There is distant similarity to Leetcode's #532 (K-diff Pairs in an Array) https://leetcode.com/problems/k-diff-pairs-in-an-array/

Thus far I came up with this pretty slow pandas solution.

def find_series(s, delta, btol, utol):
    """Finds delta-diff sequences in a float array.
    
    Algorithm:
    1) find all matching pairs (M0, M1)
    2) recursively find longer sequences.
    """
    
    # step 1: find all matching pairs
    m01 = []
    for idx, val in s.items():
        lower, upper = val + delta - btol, val + delta + utol
        is_match = s[idx:].between(lower, upper)
        if sum(is_match) == 1:
            m01.append([idx, is_match.idxmax()])
        elif sum(is_match) > 1:  # starting series and tolerances are picked to not allow this to happen
            print(f'multiple matches for {idx}:{val}')
    
    m01 = np.array(m01)  # np.append / np.vstack are slower
    res = pd.DataFrame(data={
        'M0': s[m01[:,0]].values,
        'M1': s[m01[:,1]].values,
    })
    
    # check if M1 values are found in M0 column
    next_ = res['M0'].isin(res['M1'])
    n_matches = sum(next_)
    if n_matches == 0:
        return
    
    
    # step 2: recursion
    next_map = res[next_].set_index('M0')['M1'].to_dict()
    i = 2
    while True:
        next_col = res[f'M{i-1}'].map(next_map)
        n_matches = next_col.notna().sum()
        if n_matches > 0:
            res[f'M{i}'] = next_col
            i += 1
        else:
            break

    return res[~next_].to_numpy()

find_series(a, 1.1, 0.02, 0.02)

returns:

array([[1.2 , 2.31, 3.43,  nan],
       [2.  , 3.09, 4.2 , 5.3 ]])

Timing on a bigger dataset

|    n |   time(ms) |
|-----:|-----------:|
|  200 |         82 |
|  400 |        169 |
|  800 |        391 |
| 1600 |        917 |
| 3200 |       2500 |


Solution 1:[1]

Solution : Given an unsorted integer array, print all pairs with a given difference k in it.

A naive solution would be to consider every pair in a given array and return if the desired difference is found.

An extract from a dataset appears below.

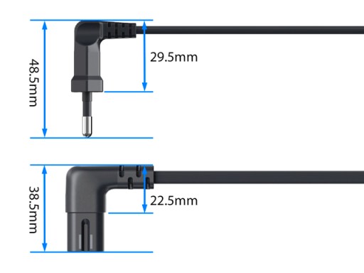 Obie wtyczki są kątowe, dzięki czemu możliwe jest zastosowania kabla wszędzie tam, gdzie brak miejsca utrudnia lub uniemożliwia zastosowanie kabla z wtyczkami prostymi (w sprzętach zawieszonych, dosuniętych do ściany, w gniazdach 230V z przysuniętymi meblami itp.). Wtyczki po włożeniu do gniazd "wystają" tylko 2.5~3cm zaś dzięki kątowemu wykonaniu nie narażają kabla na złamanie (co często się zdarza przy silnym wyginaniu kabla we wtyczkach prostych).

The time complexity of this solution would be O(n^2), where n is the size of the input.

Naive Approach :

We can use a set to solve this problem in linear time. The idea is to insert each array element arr[i] into a set. We also check if element (arr[i] - diff) or (arr[i] + diff) already exists in the set or not. If the element is seen before, print the pair (arr[i], arr[i] - diff) or (arr[i] + diff, arr[I]).

So the code for it will

# This method does not handle duplicates in the list
def findPair(A, diff):
 
    # list is unsorted
 
    # take an empty set
    s = set()
 
    # do for every element in the list
    for i in A:
 
        # check if pair with the given difference `(i, i-diff)` exists
        if i - diff in s:
            print((i, i - diff))
 
        # check if pair with the given difference `(i + diff, i)` exists
        if i + diff in s:
            print((i + diff, i))
 
        # insert the current element into the set
        s.add(i)
 
 
if __name__ == '__main__':
 
    A = [1, 5, 2, 2, 2, 5, 5, 4]
    diff = 3
 
    findPair(A, diff)

As we have seen that we can't handle duplicates with above function then How can we handle it ?

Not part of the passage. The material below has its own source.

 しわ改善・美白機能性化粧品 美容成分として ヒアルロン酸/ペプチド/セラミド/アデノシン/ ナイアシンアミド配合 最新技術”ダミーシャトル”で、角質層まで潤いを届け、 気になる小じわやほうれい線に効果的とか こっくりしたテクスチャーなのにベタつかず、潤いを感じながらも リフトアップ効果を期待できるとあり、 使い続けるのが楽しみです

So usually we can handle duplicate pairs by sorting them into array first and then skipping similar adjacent element.

# This method handles duplicates in the list
def findPair(A, diff):
 
    # sort list in ascending order
    A.sort()
 
    # take an empty set
    s = set()
 
    # do for every element in the list
    i = 0
    while i < len(A):
 
        # to avoid printing duplicates (skip adjacent duplicates)
        while i + 1 < len(A) and A[i] == A[i + 1]:
            i = i + 1
 
        # check if pair with the given difference `(A[i], A[i]-diff)` exists
        if A[i] - diff in s:
            print((A[i], A[i] - diff))
 
        # check if pair with the given difference `(A[i]+diff, A[i])` exists
        if A[i] + diff in s:
            print((A[i] + diff, A[i]))
 
        # insert the current element into the set
        s.add(A[i])
 
        i = i + 1
 
 
if __name__ == '__main__':
 
    A = [1, 5, 2, 2, 2, 5, 5, 4]
    diff = -3
 
    findPair(A, diff)

Time Complexity = O(n.log(n))

Space Complexity = O(n) where n is size of the input.

Solution 2:[2]

Yes, this can be done with sweep line technique in O(nlog(n)). Suppose that from a number x, I am able to go to a number y if x + a <= y <= x + b. This is a generalization of the problem you have stated.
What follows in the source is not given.